My thanks to @CalvinKhor for the help. Any errors in the above answer is attributable to my ignorance and misunderstandings in the explanations provided and not to @CalvinKhor's actual answer. I apologize for any mistakes made.

Answer 2

$$u(p) = \frac{1}{p}\left((1 + p)^\frac{2}3 - (1 - p)^\frac{2}3 \right)$$

I am not sure to well understand what you are looking for. Sorry if my answer is not what you want.

If the question is only to plot $u(p)$ and nothing more, this seems too obvious : In your drawing software replace plot(p,u) by plot(u,p). Which means that for each point (p given and u computed) draw the pixel (u,p) i.e. abscisse=u and ordinate=p.

If you cannot do that, first plot $u(p)$ : next figure.

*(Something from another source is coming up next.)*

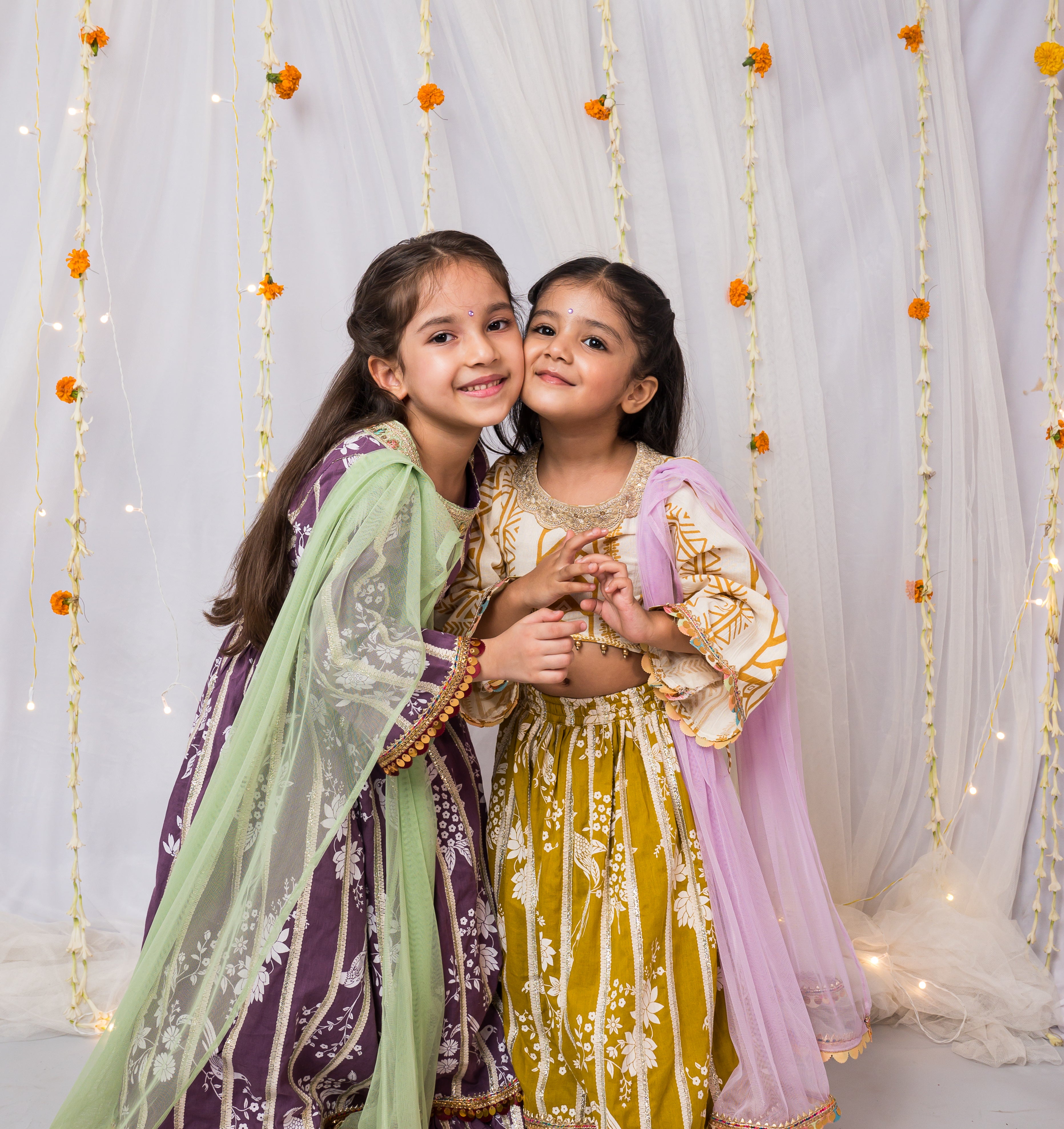 Dress your little princess in the timeless elegance of our Majestic Purple Peacock & Floral Print Lehenga. This beautiful ensemble showcases intricate peacock and floral patterns on a luxurious purple fabric, making it perfect for festive occasions and celebrations. With a comfortable fit and a flair for style, this lehenga is designed to make her feel like royalty, while the vibrant colors and unique design add a touch of playful sophistication. Ideal for girls who love to shine at every event!

Then draw the symetric curve wrt the first bisectrice : next figure

I don't see any need to analytically solve the equation for $u$.

Note : The figures have been corrected ( There was a bug in the code for drawing them).

Answer 3

There is an analytical inverse of $$y = \frac{ (1 + x)^\frac{2}3 - (1 - x)^\frac{2}3}x$$ After a tedious series of cubing steps, $x$ is the solution of $$y^9 \,x^6+3 y^3 \left(9-4 y^3\right)\,x^4-6 y^3\,x^2+\left(27 y^3-64\right)=0$$ which is a cubic in $x^2$.

Since $\frac{4}{3}<y<2^{2/3}$, the discriminant of the cubic is positive. Using the trigonometric method for three real roots, then $$x^2=\frac{4 y^3-9+6 \sqrt{2 y^6-8 y^3+9}\,\, \sin \left(\frac{1}{3} \sin ^{-1}\left(\frac{\left(y^3-4\right) \left(y^6-4 y^3+18\right) y^3+54}{2 \left(2 y^6-8 y^3+9\right)^{3/2}}\right)\right)}{y^6}$$ Consider the two branches $$x_\pm=\pm \sqrt{\frac{4 y^3-9+6 \sqrt{2 y^6-8 y^3+9}\,\, \sin \left(\frac{1}{3} \sin ^{-1}\left(\frac{\left(y^3-4\right) \left(y^6-4 y^3+18\right) y^3+54}{2 \left(2 y^6-8 y^3+9\right)^{3/2}}\right)\right)}{y^6} }$$ to have the whole curve.